It’s one thing to have a standard catalogue, but it is logistically impossible for all retail/distributors across a country to all have the same flowers, same quality and same colours in stock simultaneously.

National catalogue sales of flowers is always going to be either the luck of the draw, a very basic product or a very ‘flexible’ order that can be filled from whatever the florist has available.

The web made it look easy for order-gatherers to roll out standardised floral products across the board. The reality is – it is not easy for them to do this at all. Basically – they advertise products that they cannot reliably deliver. This is not a good recipe for future success!

 

Meanwhile, at the Local Flower Shop…

…. the web DID make a number of OTHER things much easier for florists and customers:

  • finding a florist in the geographical area you need is now easy.
  • Using social media to check out customer reviews of any florist is now easy (and getting more prevalent all the time)
  • Using Paypal and secure web based payment services to solve the financial risk problem is now easy.
  • Getting a decent website and maintaining it is now easy. The technical skills required and the costs of effective web sites have fallen to the point that soon every florist will have (or should have) an effective retail presence online.

And This is All Good for Florists Because ….

At every level of retail, customers are trying to shorten the supply chain – they want to save money by cutting out the middle men.

Floristry is no different – so increasingly customers will go direct to the florist they need and choose from the actual flowers available, probably after reading customer reviews about the florist which make them feel confident that they will get good service and product.

Even international sales require no order gatherer.

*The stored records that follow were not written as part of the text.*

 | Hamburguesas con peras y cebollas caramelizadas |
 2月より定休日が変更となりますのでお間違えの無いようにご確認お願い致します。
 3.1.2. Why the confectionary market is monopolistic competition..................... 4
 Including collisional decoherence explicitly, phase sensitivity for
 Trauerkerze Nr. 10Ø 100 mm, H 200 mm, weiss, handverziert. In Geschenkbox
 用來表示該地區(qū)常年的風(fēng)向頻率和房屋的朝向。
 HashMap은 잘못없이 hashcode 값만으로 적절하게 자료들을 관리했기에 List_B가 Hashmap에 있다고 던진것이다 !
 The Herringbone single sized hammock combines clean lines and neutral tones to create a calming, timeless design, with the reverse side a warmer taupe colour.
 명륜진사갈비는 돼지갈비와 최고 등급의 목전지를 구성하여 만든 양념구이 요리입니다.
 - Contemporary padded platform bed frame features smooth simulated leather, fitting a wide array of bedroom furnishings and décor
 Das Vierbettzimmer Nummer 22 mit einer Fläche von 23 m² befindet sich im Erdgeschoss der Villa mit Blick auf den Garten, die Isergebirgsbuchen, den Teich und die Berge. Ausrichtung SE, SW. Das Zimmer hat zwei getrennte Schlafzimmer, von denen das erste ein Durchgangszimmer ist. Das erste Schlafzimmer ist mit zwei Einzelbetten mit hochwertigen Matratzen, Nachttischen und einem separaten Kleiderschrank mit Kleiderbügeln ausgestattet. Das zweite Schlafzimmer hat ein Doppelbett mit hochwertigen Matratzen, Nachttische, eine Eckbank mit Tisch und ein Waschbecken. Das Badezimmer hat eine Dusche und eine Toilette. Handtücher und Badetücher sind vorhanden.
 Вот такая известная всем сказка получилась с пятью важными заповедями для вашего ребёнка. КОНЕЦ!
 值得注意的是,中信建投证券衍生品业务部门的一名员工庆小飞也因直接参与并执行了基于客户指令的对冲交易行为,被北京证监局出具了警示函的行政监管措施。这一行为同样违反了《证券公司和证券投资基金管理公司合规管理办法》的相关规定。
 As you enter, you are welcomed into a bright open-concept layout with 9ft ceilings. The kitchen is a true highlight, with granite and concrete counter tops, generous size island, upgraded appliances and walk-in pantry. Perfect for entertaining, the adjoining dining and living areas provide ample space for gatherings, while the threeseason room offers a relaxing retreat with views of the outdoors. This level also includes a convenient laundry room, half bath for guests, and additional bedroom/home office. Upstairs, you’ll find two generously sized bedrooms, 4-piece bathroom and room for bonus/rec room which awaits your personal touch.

Credit cards operate worldwide and web browsers can automatically translate languages to suit.

Also, a lot of florist websites will soon enough offer real-time responses using instant messaging systems.

Once people have found the right florist in the right area who does a good job, these relationships will last a long time.

What You Need:

Get your Internet ducks in a row and you will survive and thrive for many years to come!

Written by Steve White, CEO Tesselaar Flowers (with bonus hamburger and zombie references by Seamus – Tesselaar’s website manager and marketing nerd)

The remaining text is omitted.